Author: Jessica Sieff

C Fog Project 1418

Researchers at the University of Notre Dame will lead a five-year study to improve the fundamental understanding, detection and predictability of marine sea fog.

Harindra Joseph Fernando, the Wayne and Diana Murdy Endowed Professor in the Departments of Civil and Environmental Engineering and Earth Sciences and Aerospace and Mechanical Engineering, will serve as principal investigator of the project called Fog and Turbulence Interactions in the Marine Atmosphere (FATIMA).

“The general familiarity with fog is its disruption of societal functions such as transportation, delaying travel and causing hazardous conditions for commuters,” said Fernando. “Fog can also impede communications and interfere with high-energy laser, free-space optics and remote detection applications that are critical to government and security operations — and yet, it remains one of the most poorly studied aspects of meteorology.”

FATIMA will consist of two 30-day field campaigns, one to be conducted on Sable Island in the Canadian Atlantic and one off the coast of South Korea in the Yellow Sea. An additional ice-fog experiment will be conducted in Barrow, Alaska.

Fernando’s team at Notre Dame will lead the study including FATIMA’s field campaigns and theoretical studies. The project’s emphasis on marine fog will seek to gain fundamental understanding of how fog — which consists of water droplets and/or ice crystals in the lower atmosphere — forms over shallow seas. The team will also look at the dynamics of coastal ice fog.

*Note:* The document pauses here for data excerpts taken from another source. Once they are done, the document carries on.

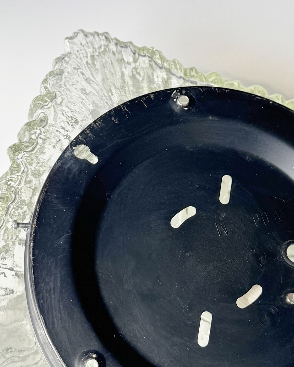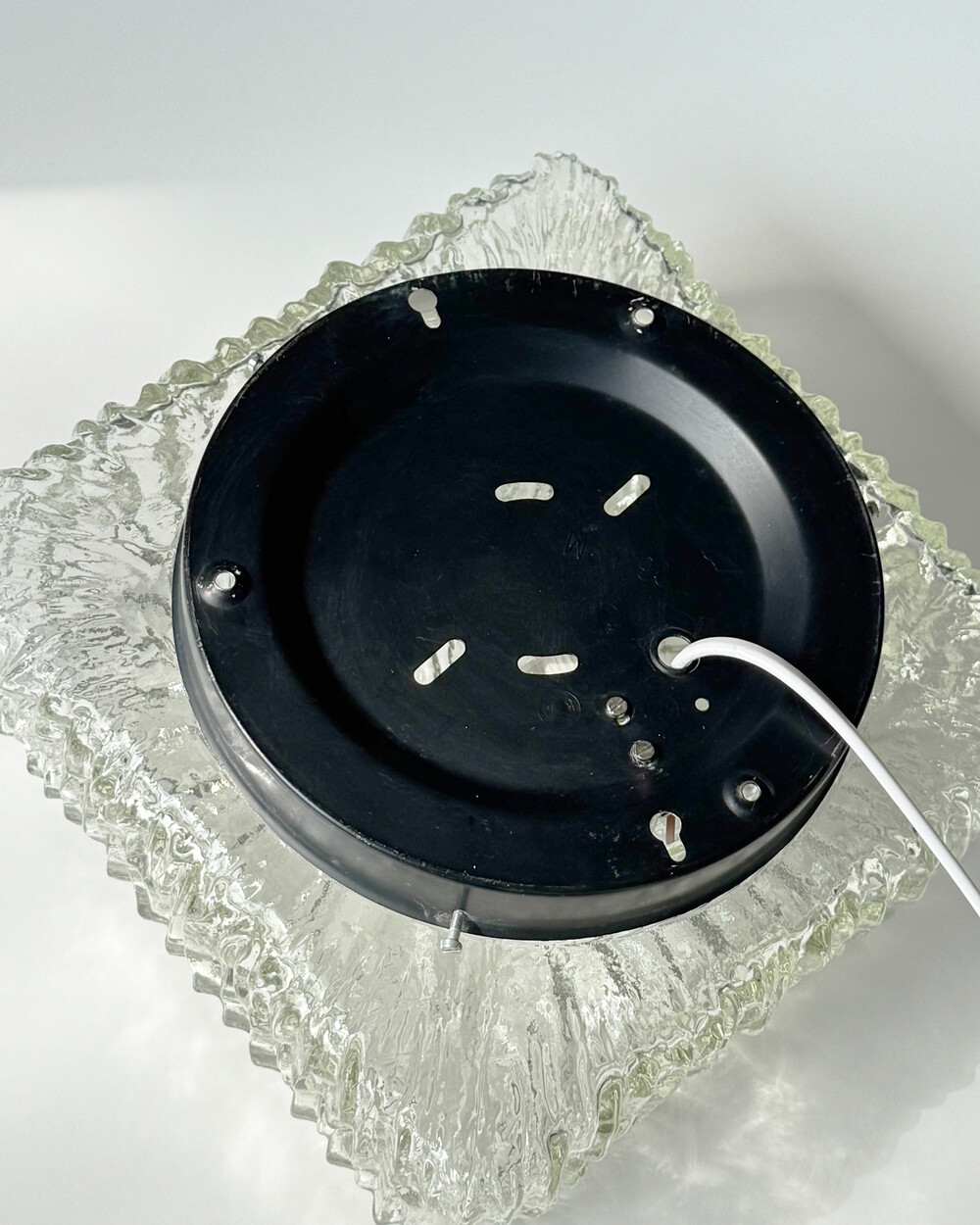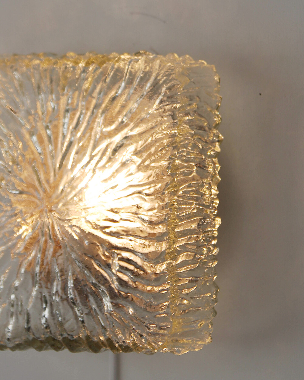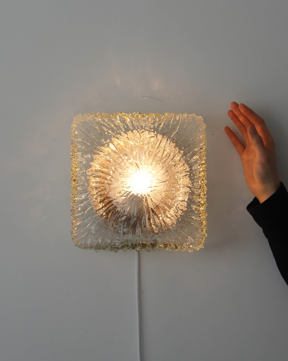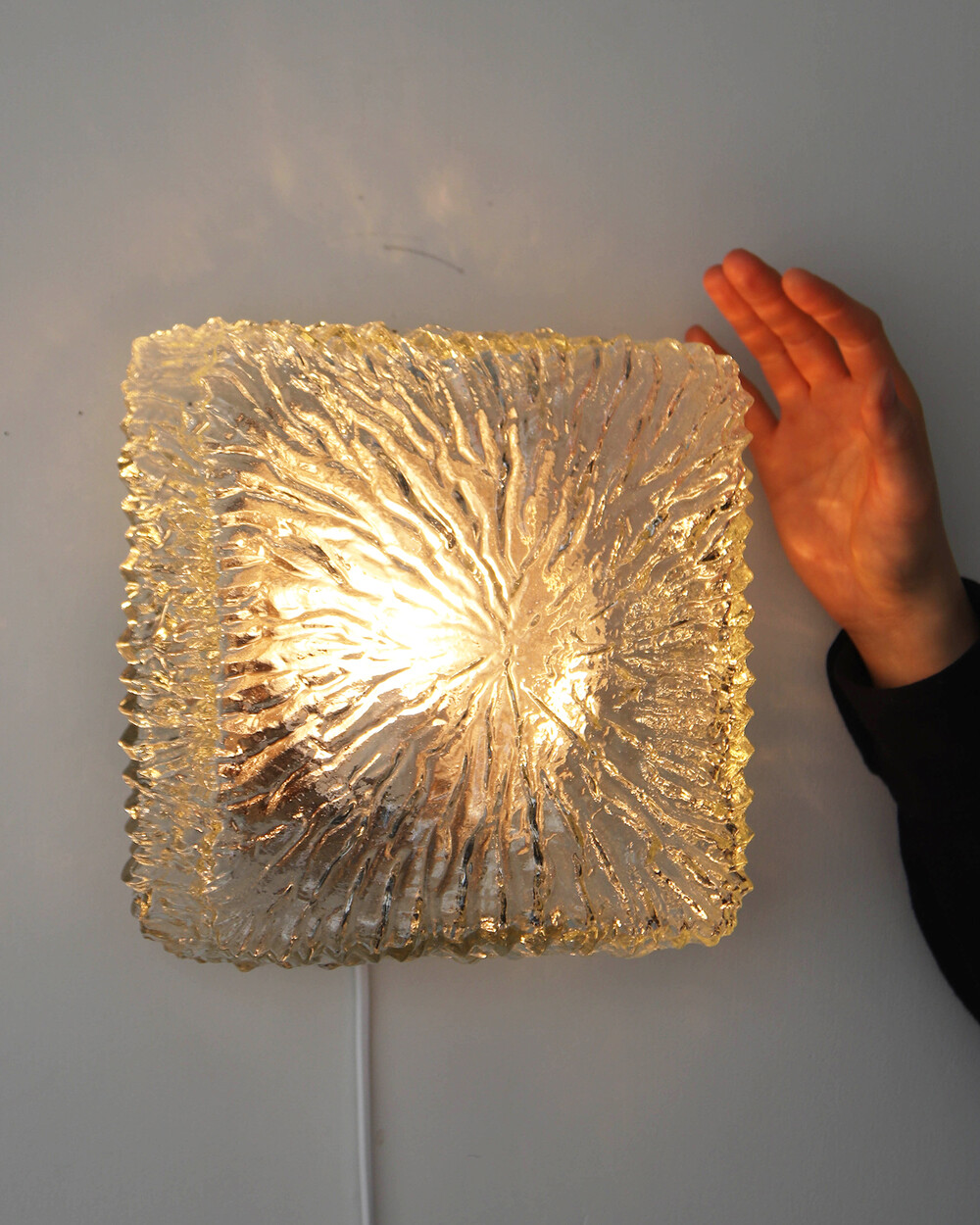 세밀한 주름 텍스처가 돋보이는 스퀘어 글라스 조명으로, 1970년대 독일에서 제작되었습니다. 점등 시 벽면에 풍부한 빛의 그림자를 드리우며, 공간에 섬세한 아름다움을 더해주는 오브제입니다. 벽과 천장에 설치하거나 테이블 조명으로 사용할 수 있습니다.
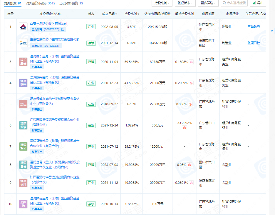 目前,温氏投资已发起、设立、参投超37支基金,总规模超129.82亿元。另持有三角防务、登康口腔、美利信等10家上市公司部分股权。
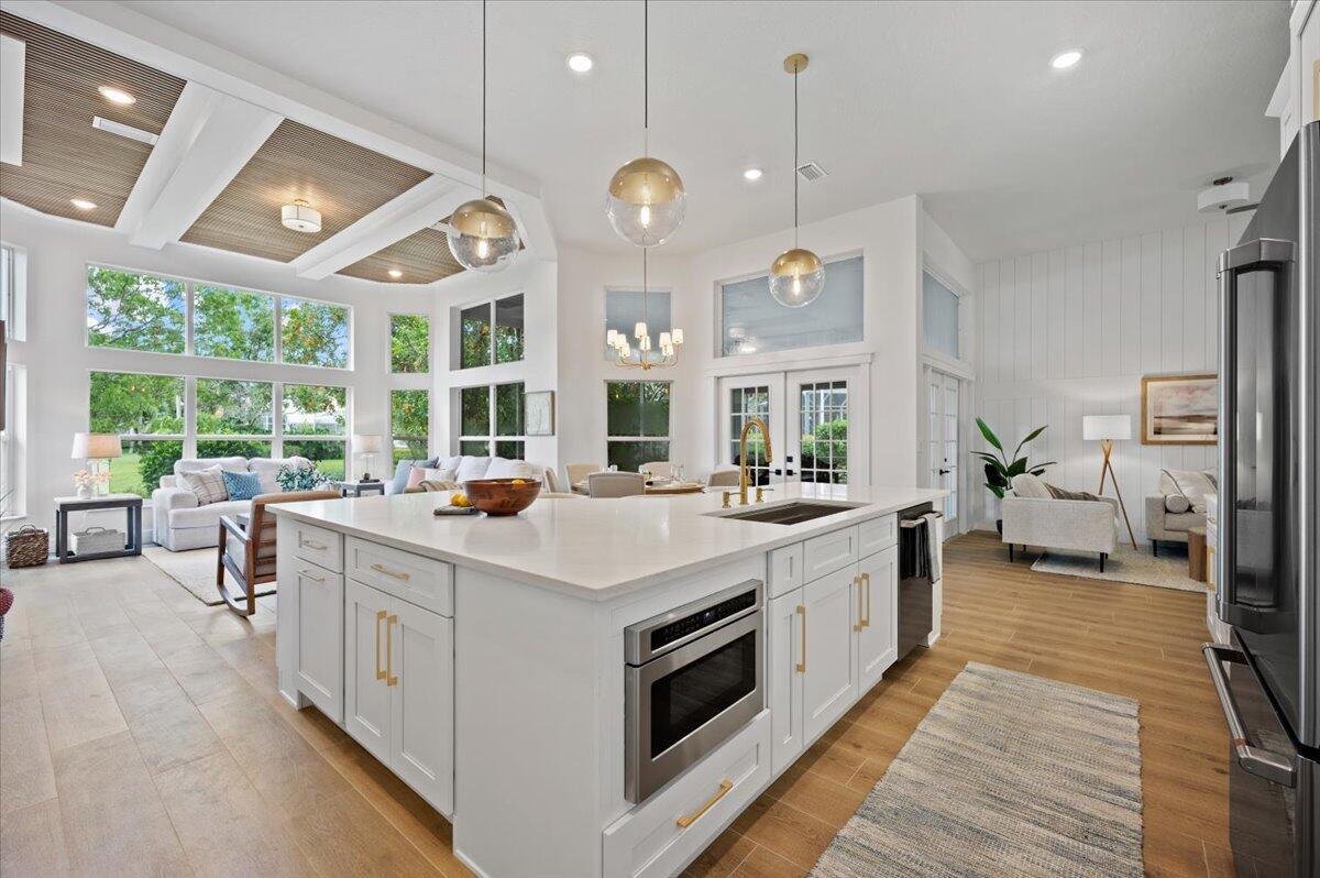 Located in one of SoFL's safest cities & top school districts, this stunning 5BR/3BA home sits in a gated country club community w/golf, tennis, clubhouse, restaurant & more. Fully renovated w/custom chef's kitchen, high-end appliances, Pottery Barn-style fireplace, designer ceiling beams, & spa-like primary suite w/huge walk-in closet. Enjoy serene pond views from the expansive screened porch w/wood-look tile carried from interior. Roof is 4 yrs old. Low-maint. HOA incl. lawn care, ext. paint, roof washing, cable & internet. Room for a pool!
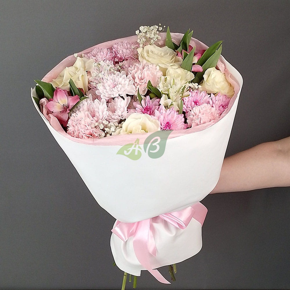 • Альстромерия - 3 штуки, цвет - белый, розовый, длина стебля - 60 см;

Taking a multidisciplinary approach, researchers will deploy leading-edge instrumentation during each field campaign; capture atmospheric turbulence down to its smallest scales, temperature and moisture fluctuation readings; and conduct theoretical and numerical analysis to learn more about how fog is generated and identify the differences between fog and low-level cloud cover. The ultimate goal is to improve sea fog predictability.

The $7.5 million study is funded by the U.S. Department of Defense’s Multidisciplinary University Research Initiative. Co-principal investigators include Qing Wang at the Naval Postgraduate School, Clive Dorman at the University of California San Diego and Scripps Institution of Oceanography, Eric Pardyjak at the University of Utah and Lian Shen at the University of Minnesota. For the fiscal year 2021 Multidisciplinary University Research Initiative competition, the DOD solicited proposals in 26 topic areas important to DOD and the military services. From a merit-based review of the 298 proposals received, a panel of experts narrowed the proposals to a subset from which the 25 finalists were selected.

Fernando is an affiliated member of Notre Dame’s Environmental Change Initiative and Notre Dame Energy.